I was aiming at a pleasant, natural way of farming which results in making the work easier instead of harder. “How about not doing this?” “How about not doing that?” — that was my way of thinking.
I ultimately reached the conclusion that there was no need to plow, no need to apply fertilizer, no need to make compost, no need to use insecticide. When you get right down to it, there are few agricultural practices that are necessary.
The reason that man’s improved techniques seem necessary is that the natural balance has been so badly upset beforehand by those same techniques that the land has become dependent on them.
— Masanobu Fukuoka
Passing of a Pioneer
Though there are literally thousands of books that have been written on sustainability and agriculture, here at the urban homestead we’ve opted to have only a few and the best at that.

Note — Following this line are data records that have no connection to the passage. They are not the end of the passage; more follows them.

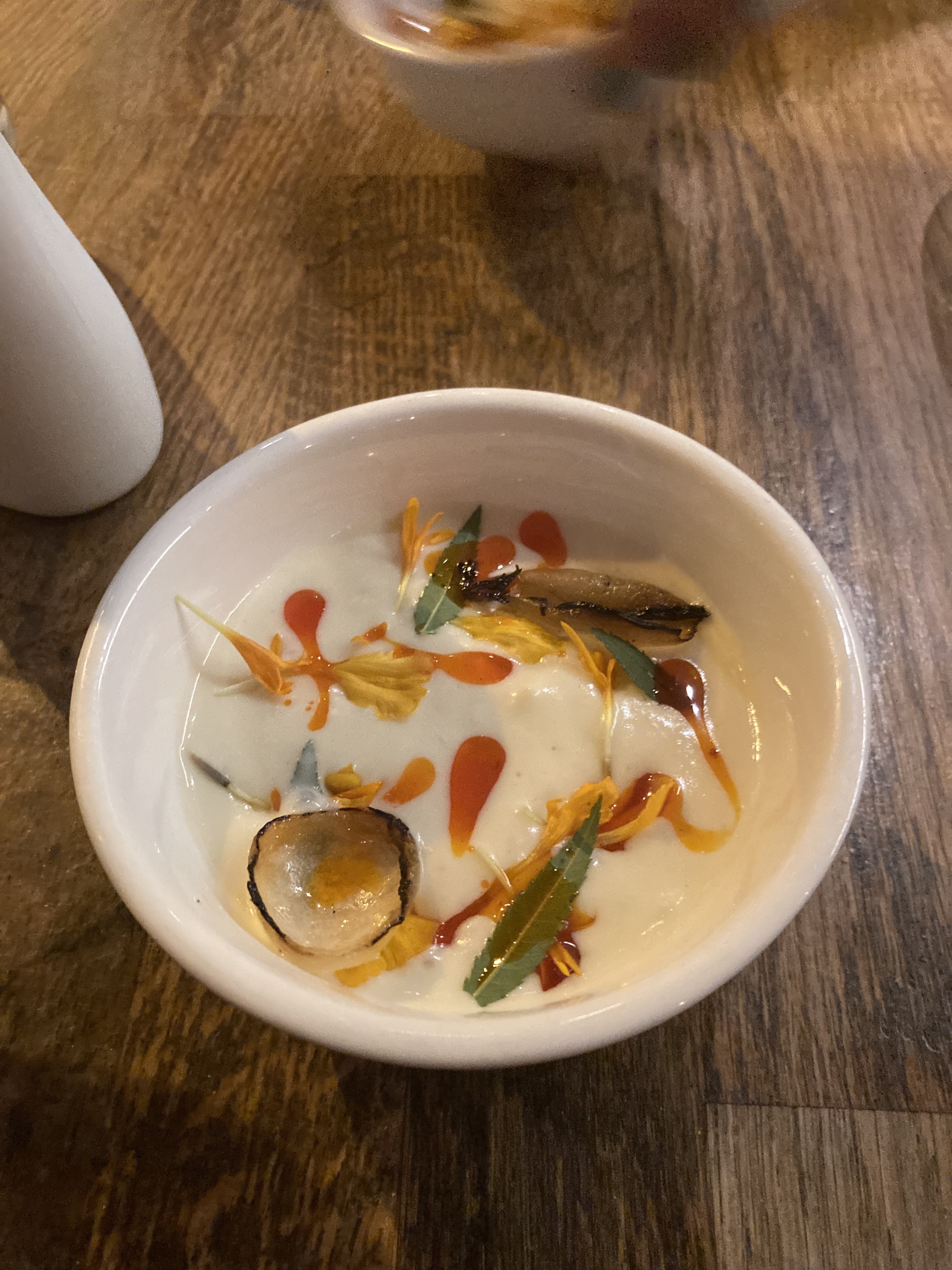 Belle découverte. Un cadre parfait Et un service également à la hauteur. Décontracté mais professionnel Une cuisine pleine de bonnes idées : Caramel à la moutarde Légumes oubliés et sudashi Chocolat et cèpes Belle présentation Le bon tempo pour le service. Je ne mets pas 5 étoiles mais on en est pas loin.... Longue vie à ce bel établissement
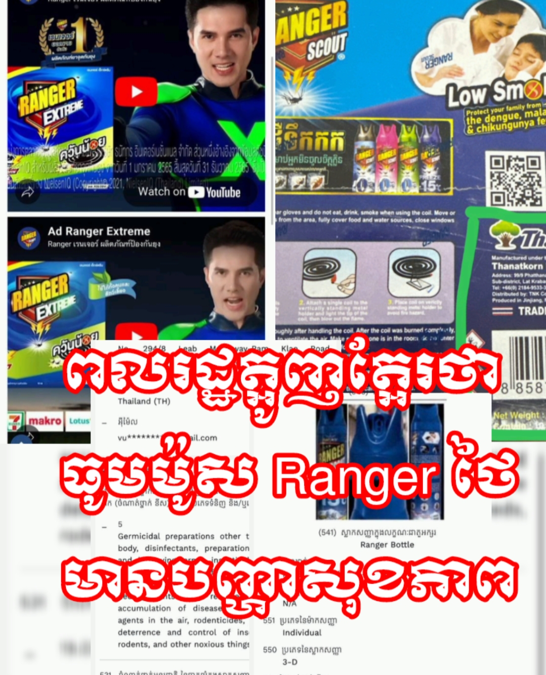 ក្រុមហ៊ុនមួយនៅកម្ពុជាទើបតែបង្កើតថ្មីអាចនឹងមានអ្វីជាប់ពាក់ព័ន្ធទៅនឹងក្រុមហ៊ុនរបស់ថៃលក់ធូបមូសម៉ាក Ranger ដែរឬទេ ស្របពេលមានជនជាតិខ្មែរ និងឥណ្ឌា សុំចេញមុខបញ្ជាក់លើបញ្ហាទាំងអស់នោះដែលពលរដ្ឋបង្ហាញអំពីផលប៉ះពាល់សុខភាពក្មេងៗនៅតាមជនបទ!
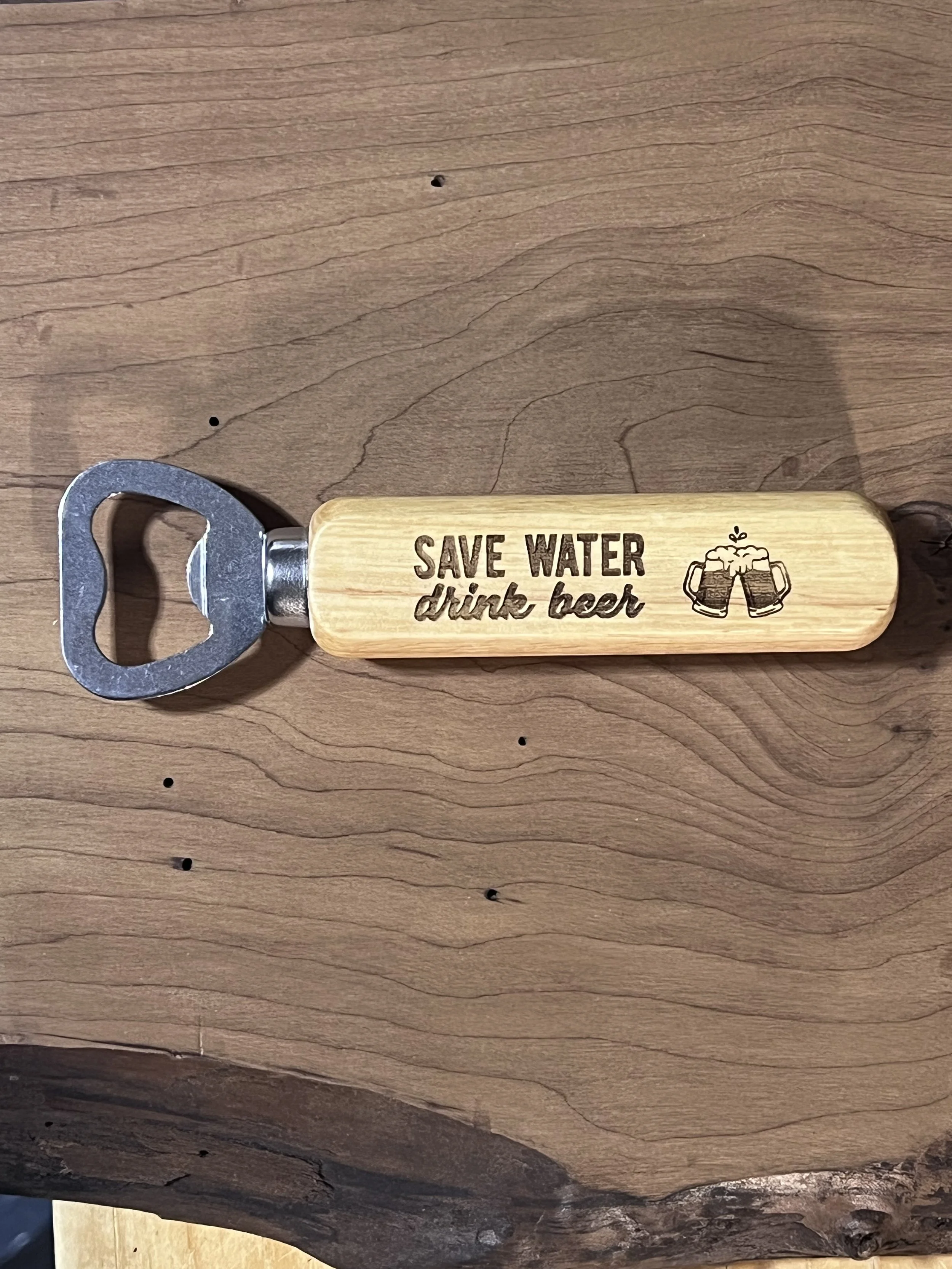 Other openers available in round wood magnet style, steel with leather middle, card-steel style. Email to inquire!
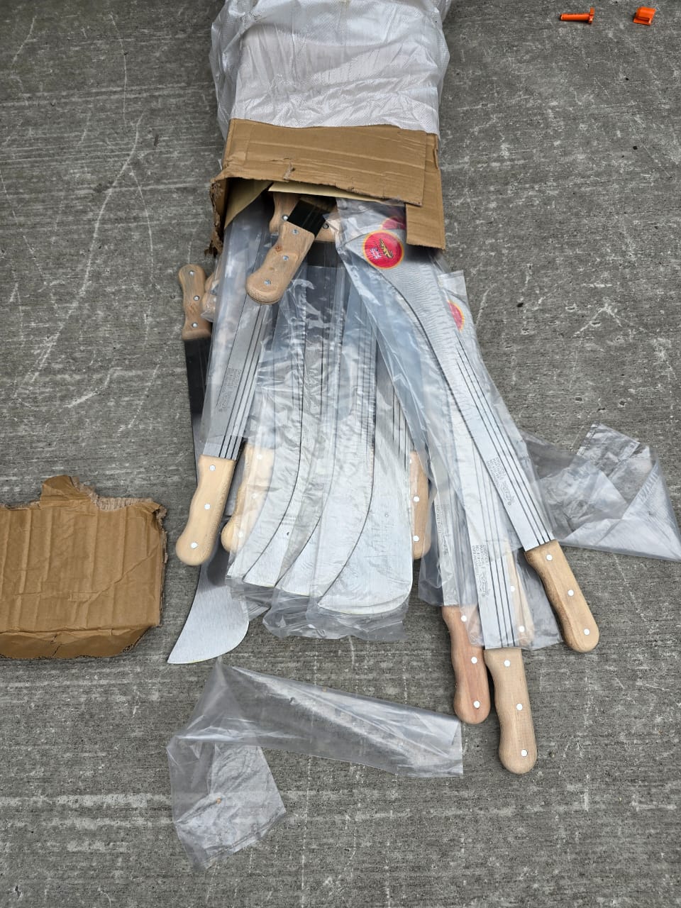 He said, “On Thursday, 18 July 2024, the command seized 2x40ft containers carrying twelve thousand (12,000) pieces of cutlass and machete; 2x40ft carrying four thousand, one hundred and twenty-nine (4,129) packages of frozen hen; 1x40ft container carrying three hundred and sixty-eight (368) jumbo bales of used second hand clothing; and 1x40ft container of expired pharmaceutical.
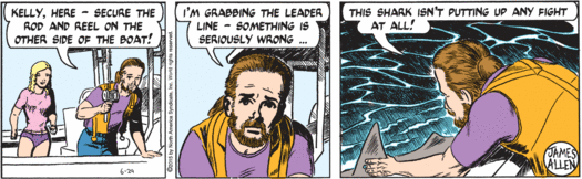 Such sadness and concern from Ken… the shark is fully submitting to his obvious and apparent dominance, and this isn’t what he had in mind at all! No-sir-ee-bob! Well at least we now have a mystery on our hands… but how on earth do we connect Mark Trail to this? What good would a wildlife feature writer have to offer this situation?? Safety tips? Fashion sense? Let’s stay tuned…
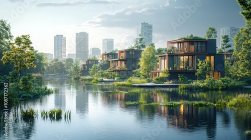 Urban renewal a panoramic view of a city in harmony with nature lakeside lifestyle modern architecture
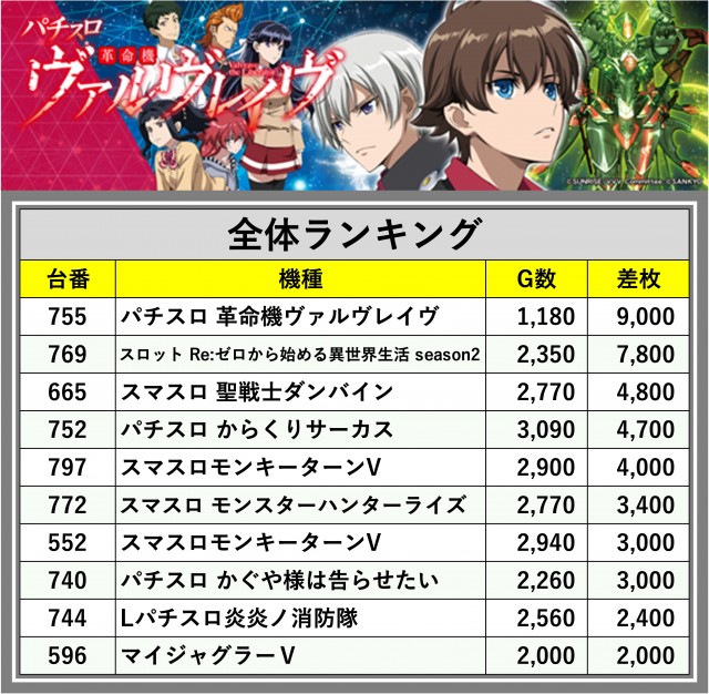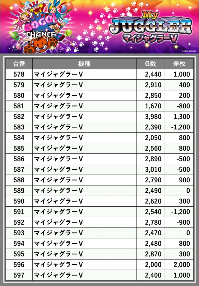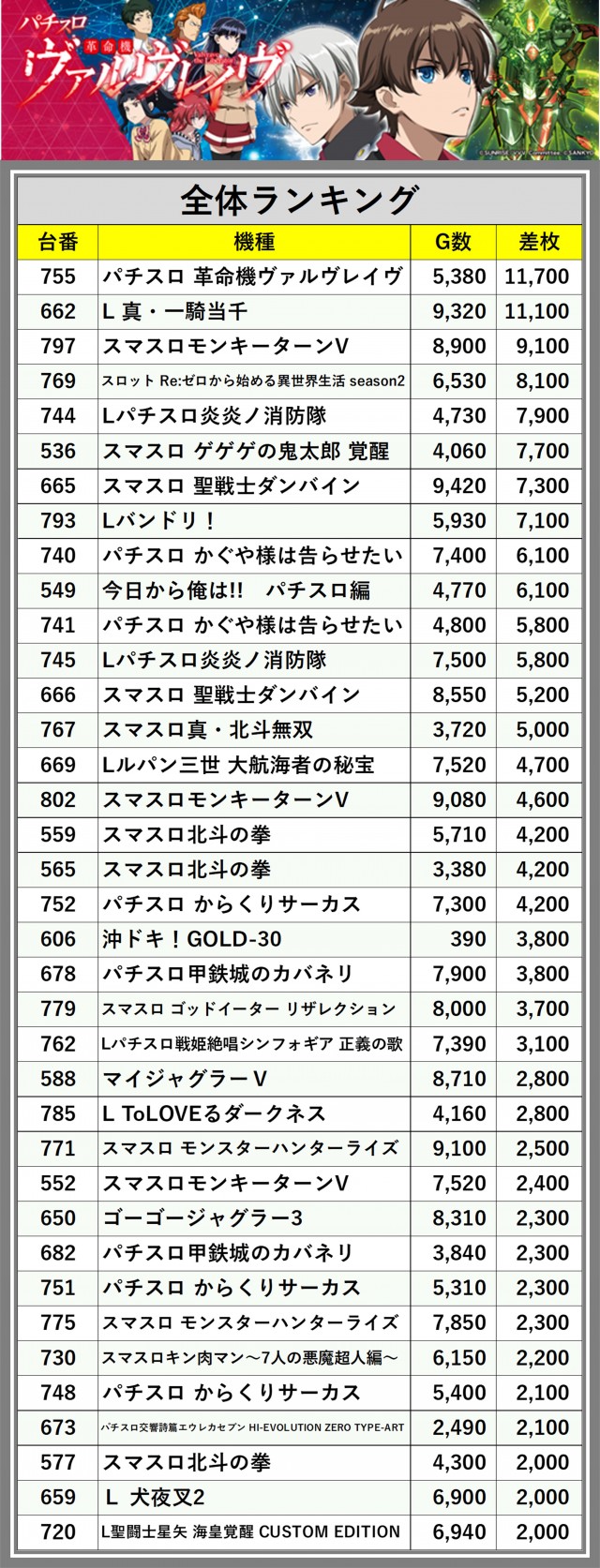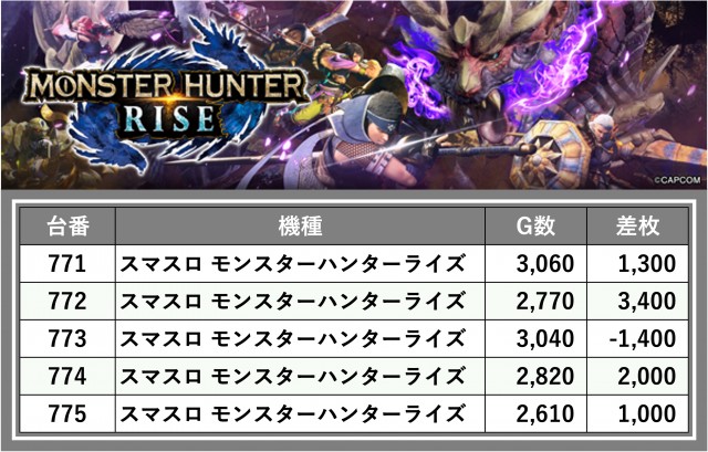 厳選された取材対象機種をはじめ、その他スロット全体から好記録が飛び出した!プレイヤーが楽しんだ1日を下記データにて振り返ってみて欲しい。
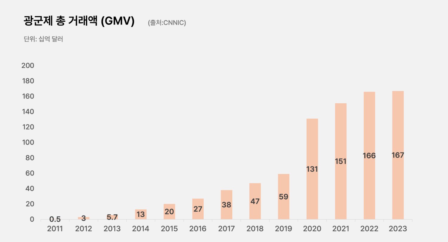 중국의 ‘광군제(솽스이)’는 11월 11일의 ‘11·11’에서 출발해 2009년 알리바바가 시작한 단 하루 할인 행사였어요. 이후 미국의 블랙프라이데이~사이버먼데이보다 더 큰 매출을 기록하며 세계 최대 쇼핑 이벤트로 성장해왔어요. 광군제는 중국 내수 경기와 소비심리를 확인할 수 있는 가장 직접적인 지표로 여겨졌어요.

On our bookshelf contains only a few (handful) basic books that we’ve needed for growing food -many of the titles sitting on our shelves were written decades ago. These “heavy weight” classics are still relevant today despite the overwhelming surge of “light” green and sustainable books.
Farmer D having read Masanobu Fukuoka book, One Straw Revolution, back in the 80’s encouraged us as teenagers to also read it. I found it fascinating that the modern mentality of farming (gardening) being hard and laborious work was in fact such a fatal misconception. The book’s philosophy showed that natural farming was very simple – working with nature not against.
Masanobu Fukuoka, 1913-2008
Long live ‘do-nothing farming’
….Many conventional scientists (such as the one now shaping our nation’s foreign policy with regard to ag development) exude arrogance about humanity’s ability to control “nature”; Fukuoka preached humility
……In our time, small-scale farmers operate under brutal economic pressure — and the resources needed to develop a truly sustainable agriculture too often lie beyond their grasp. So we slog on, doing our best, often falling short.
Fukuoka’s vision offers a beacon, a goal, an ideal to strive for. Making predictions is arrogant, but I’ll venture one anyway: As long as humans are still scratching their sustenance out of the earth, Fukuoka’s work will remain an inspiration.